Lifting the lamp for AAPI New Jerseyans, 80 years after the Chinese Exclusion Act
Though the Chinese Exclusion Act has been repealed, we still have work to do when it comes to confronting the injustices it wrought. (Dia Dipasupil/Getty Images)
Responding to a fundraising ad for the construction of the Statue of Liberty in 1885, Saum Song Bo remarked bitterly, “This country is the land of liberty for men of all nations except the Chinese.”
No lamp would be lifted for the Chinese immigrants who had helped power America’s economic expansion or gave their lives building the railroads. Rather than acceptance or gratitude, these immigrants were met with vitriol, discrimination, and courts that turned a blind eye to anti-Chinese theft, violence, and lynching.
In 1882, the U.S. codified this racist sentiment with the Chinese Exclusion Act, which claimed that Chinese laborers were threats to the “good order” of this country and banned Chinese immigration to the United States.
In the years following, it paved the way for additional laws and policies that excluded other Asian groups, including Japanese, Korean, and Filipino immigrants. The message was clear: no matter how long they had been here, Asian immigrants would never be American. Only 80 years – a single lifespan – have passed since the repeal of this act. But its toxic legacy persists today.
We write this letter as a proud daughter of two Southeast Asian refugees and a transracially adopted Korean American. As two leading advocates at statewide immigrants rights organizations, we are both keenly aware that though repealed, the racist ideas that paved the way for the Chinese Exclusion Act still live on today. Asian Americans and Pacific Islanders are often stereotyped as a single monolith, an indistinguishable mass of “perpetual foreigners,” regardless of their tenure or journey to the United States. And while progress has been made, AAPIs continue to face exclusion and discrimination in the workplace, in schools, and in severe lack of representation in government and halls of power.
Today, one of every three AAPIs was born in the United States, and in New Jersey, we are the fastest growing racial group in the state, with an over 70% growth rate since the year 2000. Compared to their peers, AAPI immigrants are more likely to be limited English proficient, despite high rates of educational attainment.

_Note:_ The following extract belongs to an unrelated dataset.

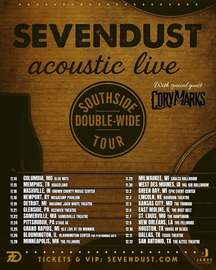 Sevendust is hitting the road this fall with a stripped-down twist on their signature sound. The iconic hard rock outfit has officially announced their Southside Double-Wide Acoustic Live Tour, bringing an intimate, unplugged experience to fans across the U.S. Joining them as special guest is country-rocker Cory Marks, who brings his own brand of southern grit and rock power to the tour.

AAPI immigrants, like all immigrants, are our family members, neighbors, small business owners, helping professionals, and more, contributing to our state’s rich economy. But bias, discrimination, and race-based violence persist; in New Jersey, reported hate crimes have more than tripled in the last few years, rising from 267 reported incidents in 2020 to 726 in 2022.
Compounding their difficulties, New Jersey AAPIs of limited English proficiency are often excluded by lack of language assistance from accessing critical services such as bias incident reporting, support for victims of domestic violence, obtaining basic public health information, and applying for New Jersey’s landmark programs like “Cover All Kids,” free school breakfast and lunch, Anchor, pandemic relief, and so many more.
Fortunately, there are solutions that would advance the welfare of New Jersey’s 1.1 million AAPIs and combat the continued exclusion and erasure of our communities.
Interpretation and translation of rights and state services and communications, like the model offered through language access bill S2459/A3837, are a direct strike against the historical exclusion many immigrants face. Few states are as linguistically diverse as New Jersey, where one in three households speaks a language other than English at home. Yet far more states offer robust interpretation and translation services at government offices. It is imperative for all New Jerseyans to have access to critical information and services in the language in which they communicate. The inability of AAPI New Jerseyans to ask about, apply, or get live support when applying for public programs further isolates a community that already faces systemic and societal barriers to inclusion.
Similarly, data disaggregation, like the proposal in bill S2415/A3092, would provide visibility into the needs of diverse communities who are currently collapsed into a single racial category. Over 50 countries fall under the term “Asian,” the category currently used by state agencies for demographic data, making it easy for the needs of particular communities to be buried in overall averages. To take one example, while 54% of AAPIs have a bachelor’s degree or higher, disaggregated rates range from 75% for Taiwanese Americans to 15% for Bhutanese Americans. AAPI New Jerseyans, as well as Middle Eastern and North African communities currently categorized as ‘white,’ deserve visibility.
Although New Jersey has made tremendous strides in offering resources and protections for communities reporting bias, discrimination, and race-based violence, these incidents will persist for as long as society views immigrant groups as silent monoliths. Though the Chinese Exclusion Act has been repealed, we still have work to do when it comes to confronting the injustices it wrought. With sensible language access and data disaggregation policies, New Jersey can reclaim its rightful place next to other states that have recognized we are all stronger when we welcome and support our diverse communities.
New Jersey is the land of liberty. If Saum Song Bo could gaze at the statue that rests on our state’s shores today, eighty years after the Chinese Exclusion Act’s repeal, he would tell us: It is time to lift the lamp.